Açores em projeto de prevenção personalizada do cancro
Hoje 09:35
— Rui Jorge Cabral
O Centro de Oncologia dos Açores integra a Rede de Ação Conjunta de
Especialistas em Cancro, uma iniciativa financiada pela União Europeia. Nesta
rede existem vários grupos de trabalho que abordam desde as diferentes
vertentes da prevenção às novas tecnologias de tratamento, passando
pelos cuidados paliativos e pela sobrevivência ao cancro. O Centro de Oncologia dos Açores integra esta rede europeia na área da prevenção personalizada do cancro. E
como se faz a prevenção personalizada? Analisando, por exemplo, a
interação entre fatores genéticos ou geográficos, ambientais e estilos
de vida, para que se possa fazer um mapeamento dos fatores de risco do
cancro, que permita a implementação de estratégias dirigidas a uma
população específica. Conforme explica em declarações ao Açoriano
Oriental o presidente do Centro de Oncologia dos Açores, João Macedo, a
prevenção personalizada nos Açores irá permitir, com o recurso à
inteligência artificial e às potencialidades do projeto do Hospital
Digital, uma melhor seleção da população de risco, das estratégias e até
das zonas do arquipélago onde é preciso atuar de uma forma mais intensa
para prevenir o surgimento de cancros. Até porque, afirma João
Macedo, “o cancro é uma área que, não só aqui nos Açores, mas também a
nível nacional e internacional, vai crescer muito nos próximos anos em
termos de incidência”, devido ao crescimento e envelhecimento da
população, colocando cada vez maior pressão nos sistemas de saúde.Refira-se
que a Rede de Ação Conjunta de Especialistas em Cancro (JANE na sigla
inglesa) é atualmente um dos mais relevantes projetos europeus na área
da oncologia, reunido 121 organizações - entre elas o Centro de
Oncologia dos Açores - de 29 países europeus.Esta rede realizou
recentemente um encontro em Ponta Delgada, dedicado à prevenção primária
e secundária personalizada do cancro, com o objetivo de desenvolver
estratégias preventivas inovadoras. O Centro de Oncologia dos Açores
lidera em conjunto com a Faculdade de Medicina da Universidade do Porto
uma tarefa específica desta rede relacionada com a prevenção
personalizada do cancro, com o objetivo de desenvolver normas
orientadoras inovadoras para políticas na área da prevenção
personalizada do cancro. Nesta área há desafios que se colocam a
nível europeu e transversal, nalguns casos, mas também ao nível mais
específico dos Açores. Por exemplo, a um nível transversal, está o
desenvolvimento de estratégias dirigidas às populações imigrantes,
muitas delas provenientes de países onde não tiveram o mesmo
acompanhamento de saúde na infância que existe na Europa.No caso
específico dos Açores, estão já definidas no Plano Regional de Saúde
duas áreas prioritárias para onde deve serdirecionada a prevenção
personalizada do cancro. Uma delas é o combate ao tabagismo porque,
conforme explica JoãoMacedo, “nós temos no consumo de tabaco um grave
problema, que é um fator de risco não só para o cancro, mas também para
outras doenças, sendo aliás responsável pela grande maioria dos cancros
do pulmão”. E o cancro do pulmão é o que regista maior mortalidade
nos Açores. Nesse sentido, existe o projeto-piloto do rastreio do cancro
do pulmão. Mas também o cancro colorretal tem muita prevalência nos
Açores.
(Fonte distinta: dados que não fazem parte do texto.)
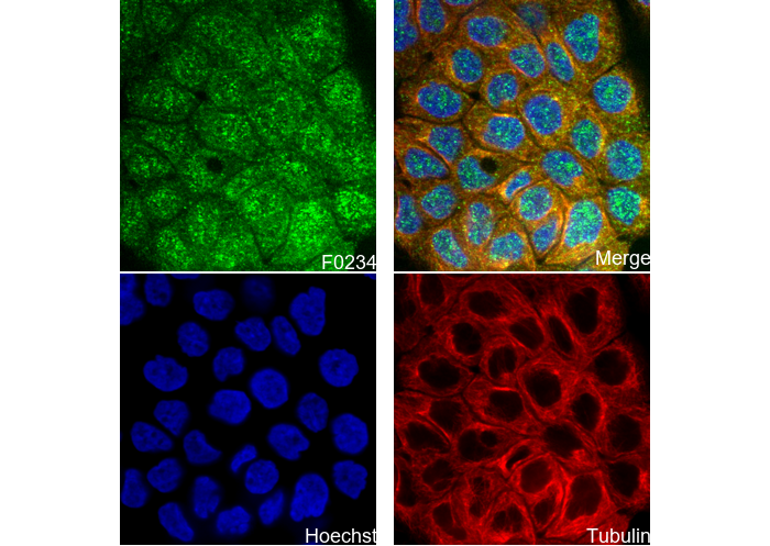 • Immunofluorescent analysis of A431 cells using F0234 (green, 1:100), Hoechst (blue) and tubulin (Red).

E conforme afirma o presidente do Centro de Oncologia dos
Açores, “vamos ter uma aposta muito forte na melhoria da participação no
rastreio” do cancro colorretal, “porque ainda não é tão elevada como
nós gostaríamos”. E para uma prevenção mais personalizada, irá
recorrer-se a ferramentas de inteligência artificial com o objetivo de
melhorar a participação no rastreio do cancro colorretal nos grupos de
maior risco. Outro fator essencial é a literacia em saúde. Isto
porque, conclui João Macedo, “os resultados em saúde não dependem tanto,
como tendemos a pensar, do sistema de saúde. A literatura diz que o
sistema de saúde tem um impacto inferior a 30%”, tendo a literacia em
saúde um impacto muito superior. Ou seja, a informação que capacita
as pessoas para adaptarem os seus hábitos e poderem ter estilos de vida
que permitam evitar a médio e longo prazo o aparecimento de doenças.